I don't have that saw but I mounted a a cast iron router extension from MLCS on the right side of my saw so it does not interfere with TS operation. While I agree with Art that having a separate router table is preferred, not all of us have the shop space for that option. I also have a table top that I clamp to saw horses if I need more working room. I purchased a Kreg router table stand a while back but until I have my dedicated shop built, it is still in the box. Peachtree Woodworking Supply has generic router fences and components to build your own that may work for your application. 

Rich


----------



## Mike (Nov 22, 2004)

Erik,
You can easily make a dust collection fence to fit.


----------



## Ratbob (Apr 6, 2015)

Erik,

I added a Triton router to my R4512 and designed and build my own removable router fence that attaches to the TS fence. I have published a sketchup drawing in 3D Warehouse (pic below). If you're not familiar with sketchup I'd highly recommend it.

This setup has worked adequately, but after about 6 months of use I'm already thinking about changes. With the router fence attached to the table saw fence setting the fence position is easy, but there is not enough vertical stability in the router fence. It works great for profile work on thin stock, but doesn't support 'tall' work very well.

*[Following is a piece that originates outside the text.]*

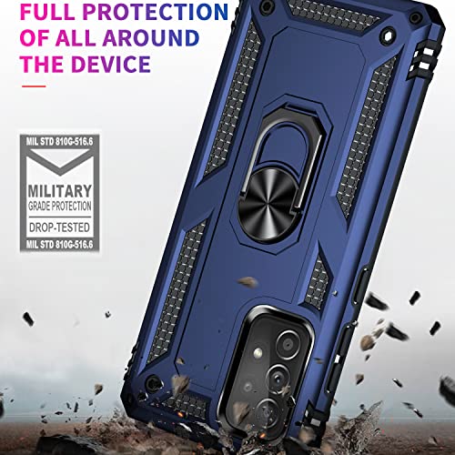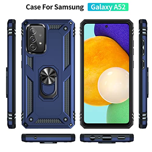 Fetrim Custodia per Galaxy A52, Cover PC TPU Cassa Shell Supporto di Anello Rotante Case per Samsung Galaxy A52 5G/4G/A52S 5G Blu Navy

I'll fix this by adding some t-track to the router table to lock the fence to the table and detach it from the TS fence. Having the router attached to the TS is a cool idea, but somewhat limiting in practice (should have listened to the experts here). After I get my shop cabinets built I'll most likely move my router to a freestanding mobile cabinet.

Hope this helps, if you have any further questions feel free to ask. You're gonna love that saw, it's quiet, powerful, and accurate when setup properly.

~Jeff


----------



## Guitfiddle (Dec 14, 2014)

I also have limited space and have the R4512. The Bosch RA1181 router table fits in nicely with only slight mod. It comes with a good fence system with feather boards, vacuum port, etc. I then put my attention to a lower cabinet with adjustable legs that support the Bosch table and router so that the R4512 fence rails don't sag over time. I'm quite happy with the results.


----------



## Cherryville Chuck (Sep 28, 2010)

Welcome to the forum Erik. If you want to use your TS fence for a router fence you hve to add something like Jeff is showing, that adds another face to the fence with a gap in it and enough distance between the new face and the side of your TS fence that the bit won't touch it. The other issue I'll point out is tat to start a cut you have to start at the backside of the saw. If the router is mounted too far from the end of the saw to stand at the end that means you'll be reaching across, either when starting or finishing the cut, which isn't safe. Some members have no choice because of space issues and have to but it will lead to issues when you need to use either the saw or the router and yu don't want to change the setup on the other. If you have space for your saw and a table then don't do it.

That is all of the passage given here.